Records excerpted from a collection:
= Beginning of Section =

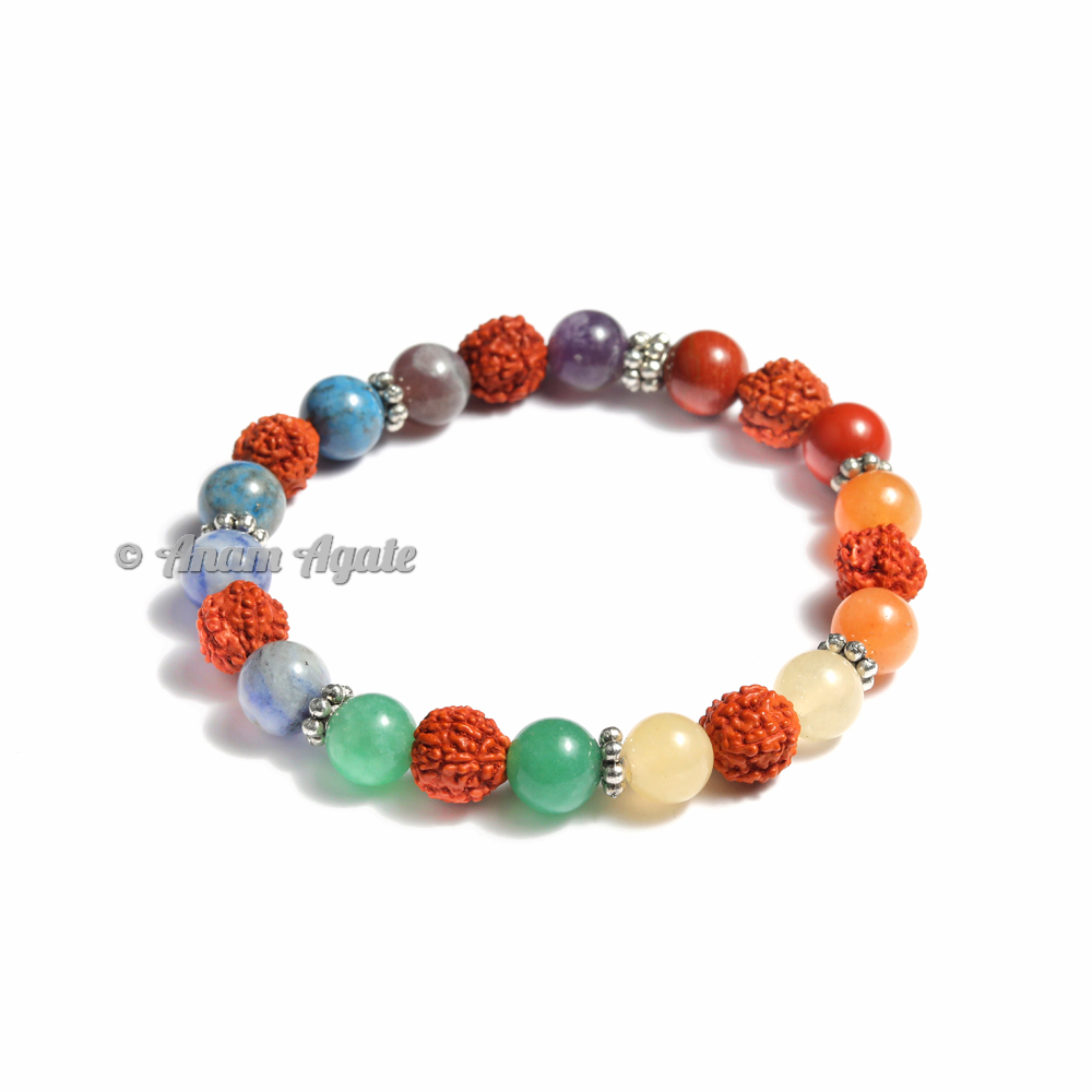 Best collection of Rudraksha With Seven Chakra Bracelets is here at Anam Agate. The Rudraksha bead acts like a protective guard that safeguards its wearer from negative energies. If you are a person who is always on the go, this bead is ideal for you. The Rudraksha bead also aids in identifying if the food or water that we are about to consume is pure or not. When 7 Chakra Bracelets are worn, it helps to keep the seven Chakras at their right energy levels causing the wearer to feel more balanced. The task becomes attainable as it helps to focus on keeping the chakras open and replace negative thoughts with an optimistic outlook towards life.
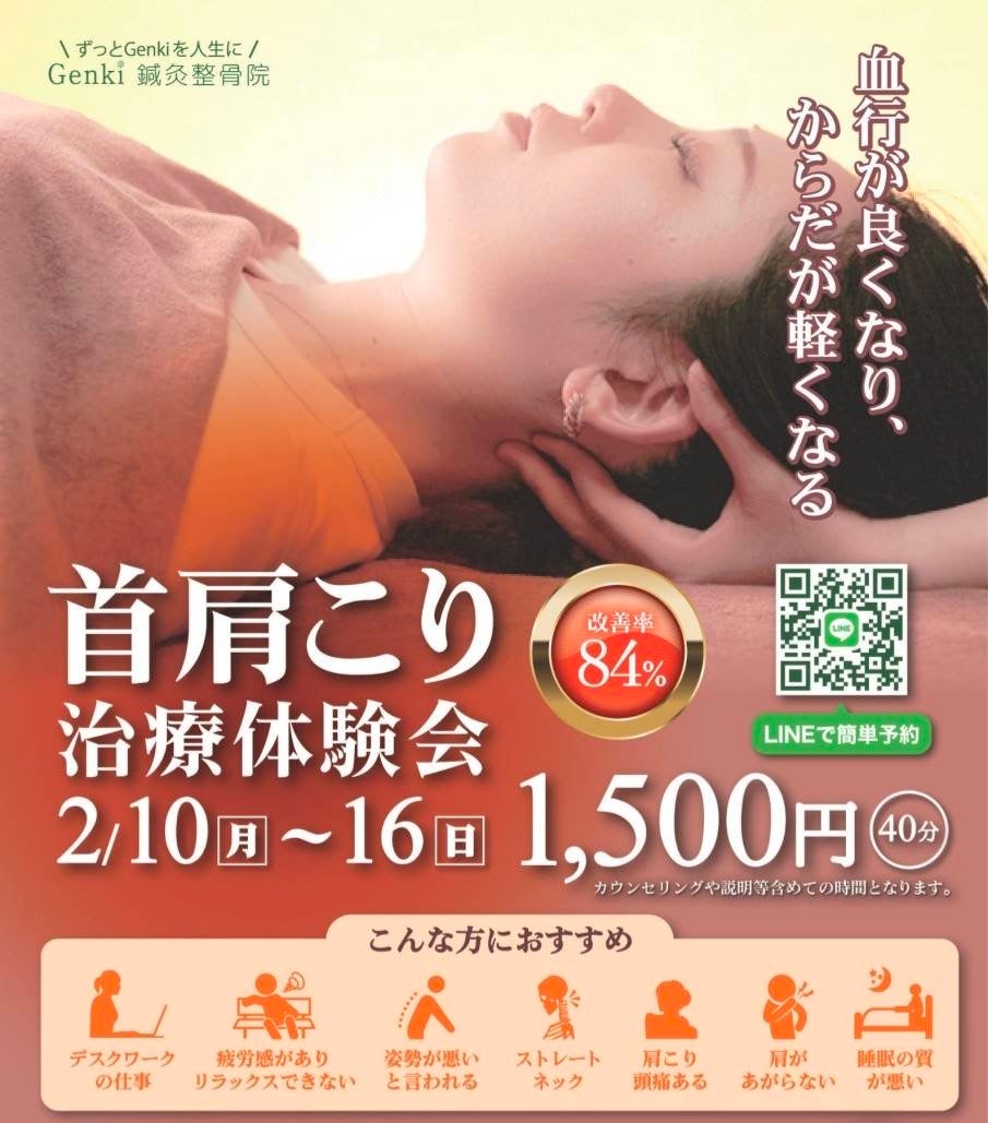 株式会社GENKI(本社:京都市、代表:吉村 直心)は、「首肩こり施術体験会」を2025年2月10日(月)から2月16日(日)まで開催します。首や肩のこりに悩む方々を対象に、猫背改善と血行促進により、肩こりの根本的な原因にアプローチする専門施術を体験いただけます。カウンセリングと施術で、40分間の特別体験を1,500円(税込)で受けることができます。
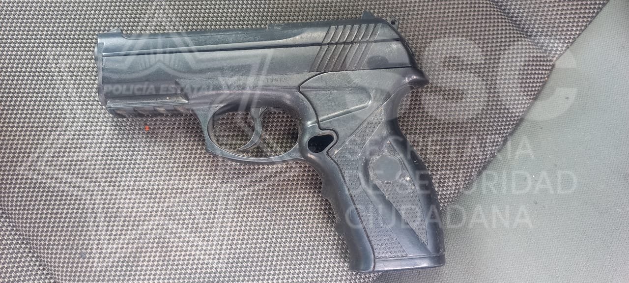 Ante la actitud inusual y evasiva, la SSC detuvo a uno de ellos y explicaron el motivo de su detención provisional, por lo que le realizaron una inspección preventiva, cuyo resultado fue la localización en su cintura de un objeto de plástico color negro con las características similares a las de un arma de fuego tipo pistola.
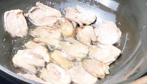 炒锅充分预热后,加入植物油加热至产生油纹,放入切好的肉片。
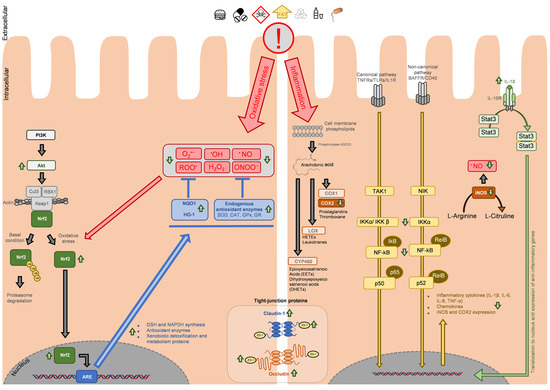 Most important is the notion that some dietary components (e.g., fruits, vegetables, and aromatic and medicinal plants) present antioxidant and anti-inflammatory activities and are known to reverse leaky gut syndrome and restore barrier homeostasis [24,32]. The intestinal tract is the potential point of entry for hazardous elements that compromise the barrier function and subsequently affect internal organs, but its main function is nutrient uptake, and many sources of nutrients are also sources of phytochemicals. The proposed strategy is to add antioxidant and anti-inflammatory natural products to the diet as functional foods and nutraceuticals, aiming for the maintenance of intestinal mucosa homeostasis and the prevention of oxidative damage, inflammation, and related pathologies [33]. In this review, we summarize and discuss the potential impact of certain natural products as dietary agents with the potential to regulate intestinal homeostasis and prevent oxidative stress- and inflammation-related intestinal pathologies. Figure 1 summarizes the main risk factors for increased oxidative stress and inflammation in the intestinal tract.
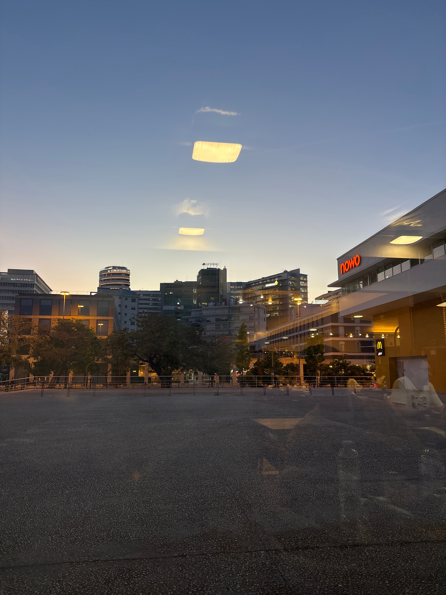 The image depicts a view in Lisbon, Portugal, captured through a glass surface, likely a window. The scene is oriented vertically. The sky is visible at the top left, transitioning from blue to a ligh…read more
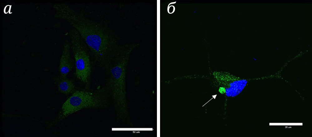 Рис. 8. Визуализация mHTT в фибробластах и индуцированных нейронах линии HDDF. а – Иммунофлуоресцентное окрашивание фибробластов антителами к mHTT (клон мEM48). Конфокальная микроскопия, ×60. Масштаб 50 мкм. б – Иммунофлуоресцентное окрашивание индуцированных нейронов стриатума, полученных из фибробластов линии HDDF, антителами mEM48 (вторичные антитела, конъюгированные с флуорофором Alexa 488), и окрашивание ядер красителем DAPI. Конфокальная микроскопия, ×60. Масштаб 20 мкм
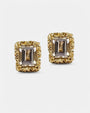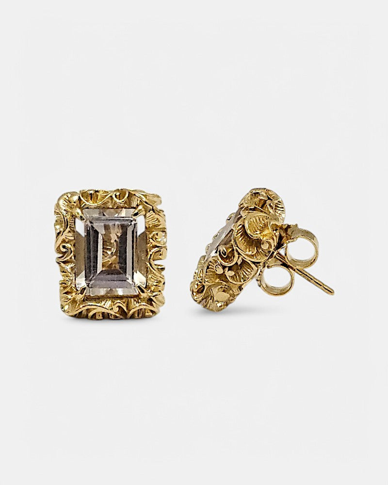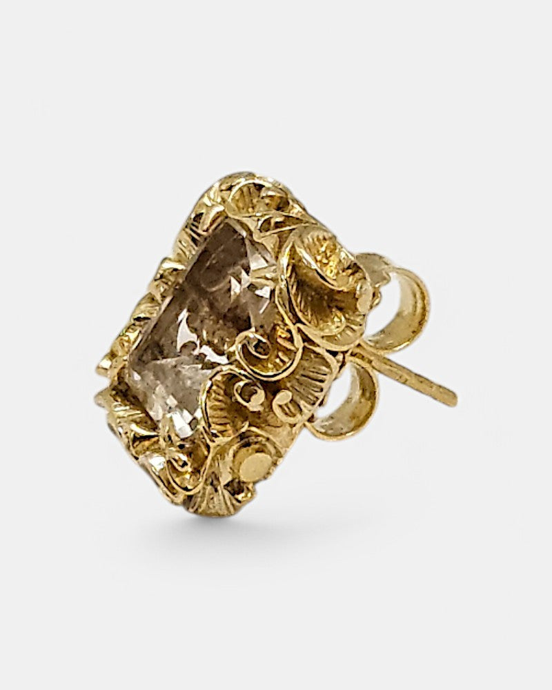Pendiente en plata bañada en oro amarillo piedra rectangular (10mmx8mmx5,5mm) cristal de roca cierre apresion.
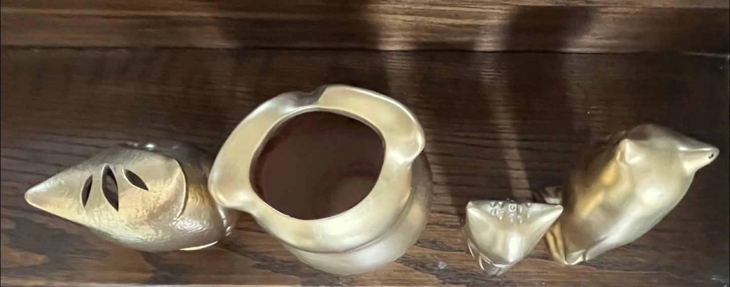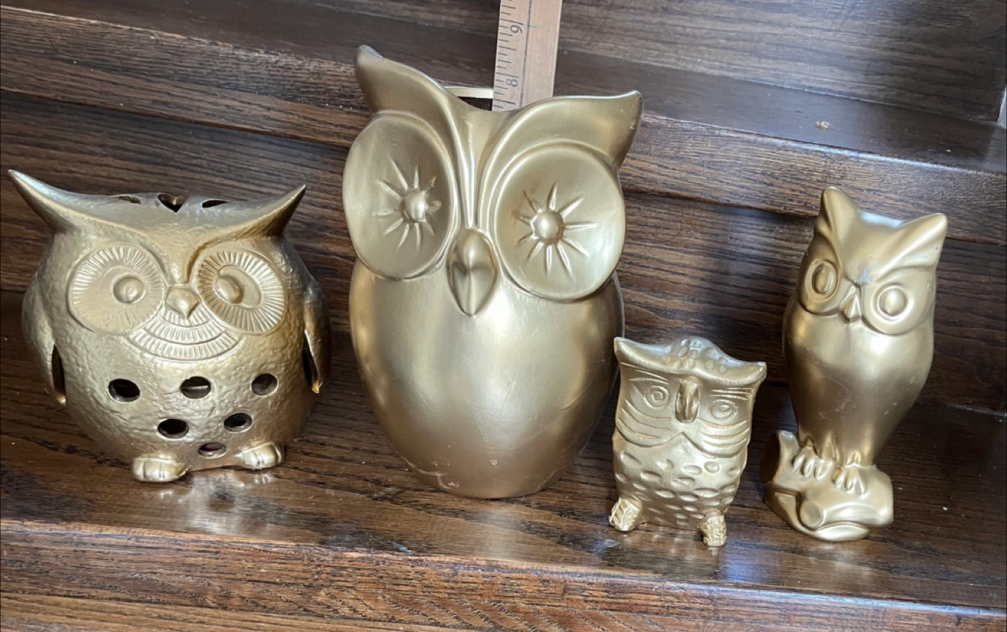 A collection of gold owl figurines. They appear in various sizes and poses. A beautiful set for any space. It could easily be used to bring a sense of peace and calmness into a room.

= End of Section =

No picture is to be printed. Output exactly the lines above from the line containing "Ante la actitud" through the line containing "炒锅充分预热后,加入植物油加热至产生油纹,放入切好的肉片。".

 Ante la actitud inusual y evasiva, la SSC detuvo a uno de ellos y explicaron el motivo de su detención provisional, por lo que le realizaron una inspección preventiva, cuyo resultado fue la localización en su cintura de un objeto de plástico color negro con las características similares a las de un arma de fuego tipo pistola.
 炒锅充分预热后,加入植物油加热至产生油纹,放入切好的肉片。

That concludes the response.